Work task:
Begin at the first line of the data and copy each line through the one containing "ステップ3:Google スプレッドシートの行が更新された際の設定", that line included, with no pictures.

════════

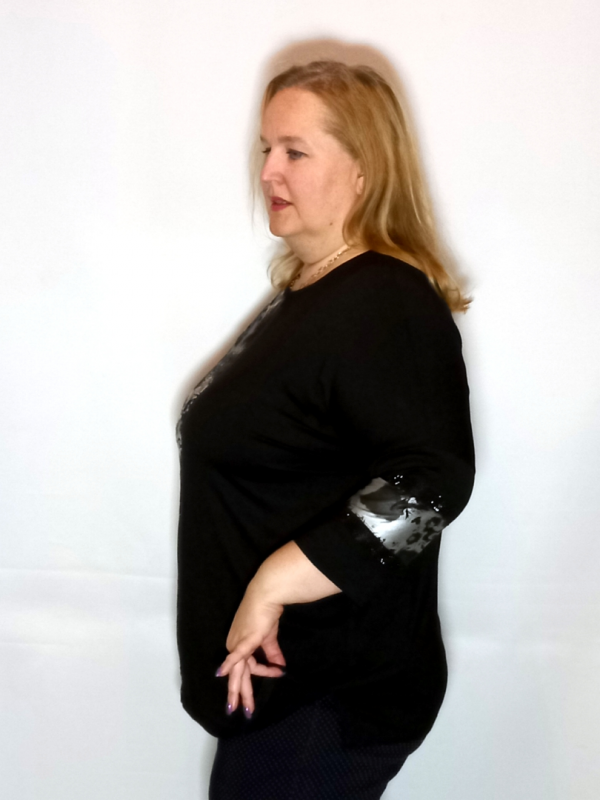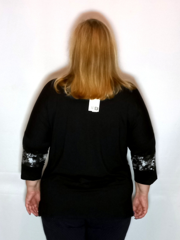 Рукав 3/4, спущенное плечо, декорирован вставкой из трикотажа с принтом и термостразами черного цвета
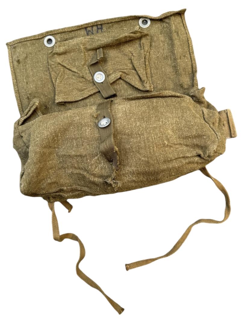 Very nice assault frame pouch, with tropical straps The Pouch was used to carry K98 cleaning kit and personel items and was attached to the assault frame. In nice near mint condition.
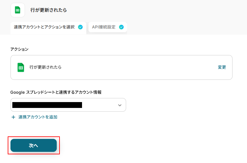 ステップ3:Google スプレッドシートの行が更新された際の設定
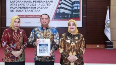 PIRNAS.COM Labuhanbatu -Pemerintah Kabupaten (Pemkab) Labuhanbatu menerima predikat opini Wajar Tanpa Pengecualian (WTP) dari Badan Pemeriksa Keuangan RI perwakilan Sumatera Utara atas Laporan Keuangan Pemerintah Daerah (LKPD) Kabupaten Labuhanbatu Tahun Anggaran 2022.
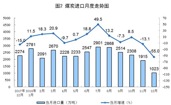 冬季供暖季以来,国内原煤产量稳定增长,市场供给较为充足。受此影响,12月份煤炭进口量大幅减少,仅进口1023万吨,为2014年6月份以来最低月进口量,同比下降55.0%。全年进口煤炭2.8亿吨,同比增长3.9%,比上年回落2.2个百分点。
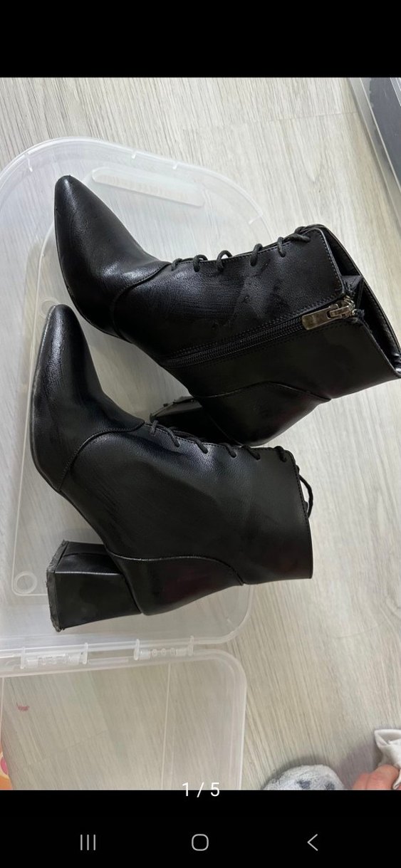 Siyah deri, blok topuklu, bağcıklı ve fermuarlı gotik kadın botu, günlük kullanım için uygundur.
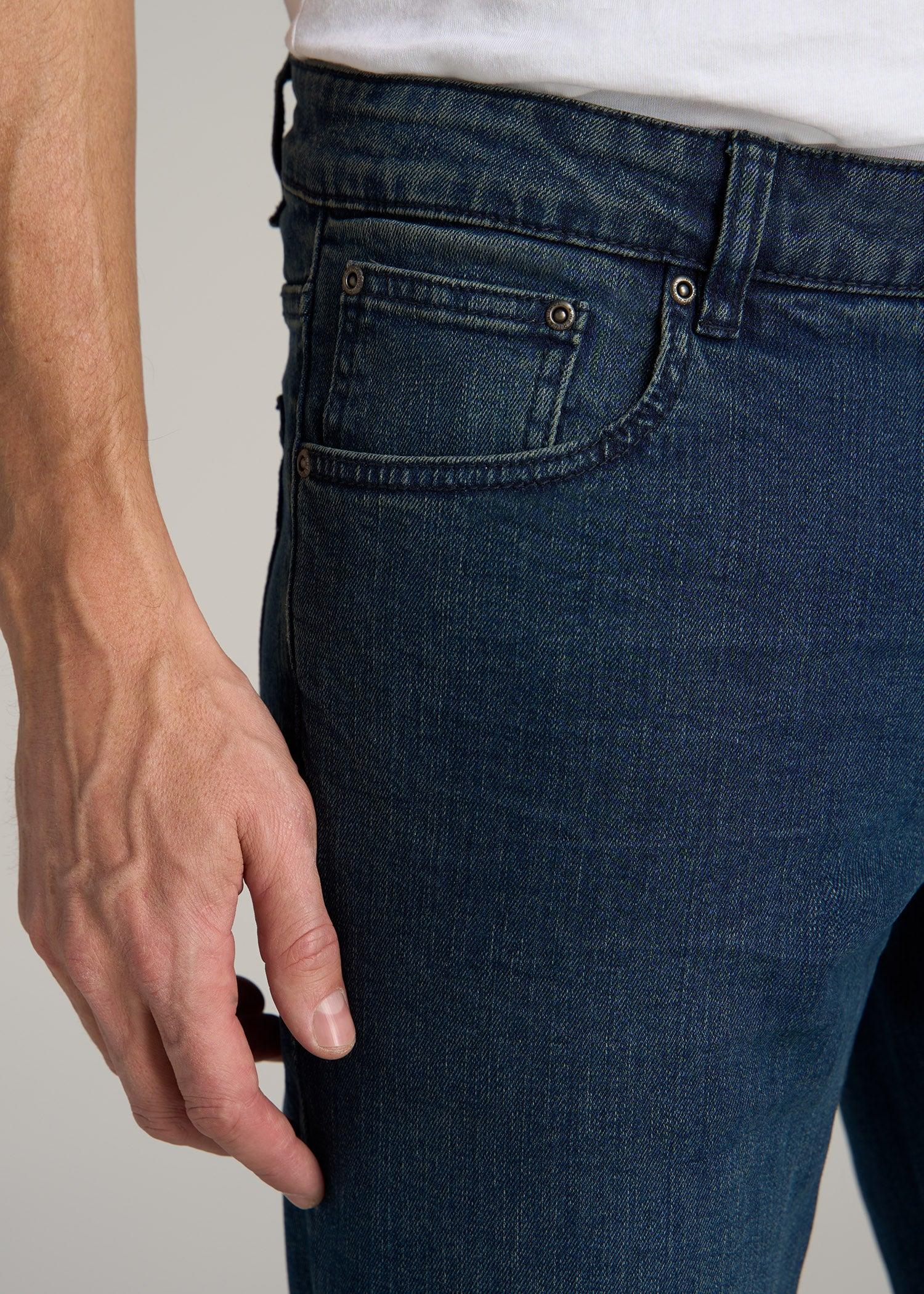 These will become your new favorite men's tall jeans. You've been searching for the perfect pair for years, having to deal with inseams that are way too short and fits that just aren't right for far too long. It's time to leave those days behind. All of our denim is designed for tall guys between 6'3” and 7'1” with proper proportions throughout – because good jeans are about so much more than added length (although we've got that covered, too). We created our Carman style to be the quintessential everyday pair that you can wear with anything. The tapered fit provides enough room in the hips and thighs while the legs come in inseams up to 40”. We sourced a premium cotton-spandex blend that's sturdy with just the right amount of stretch and the heat-set creases along the front provide an authentic worn look for that perfectly lived-in style. Wear these jeans for tall men with a sweatshirt for off-duty days or with a button-up shirt for dinner with friends.

════════

Answer section:
 Рукав 3/4, спущенное плечо, декорирован вставкой из трикотажа с принтом и термостразами черного цвета
 Very nice assault frame pouch, with tropical straps The Pouch was used to carry K98 cleaning kit and personel items and was attached to the assault frame. In nice near mint condition.
 ステップ3:Google スプレッドシートの行が更新された際の設定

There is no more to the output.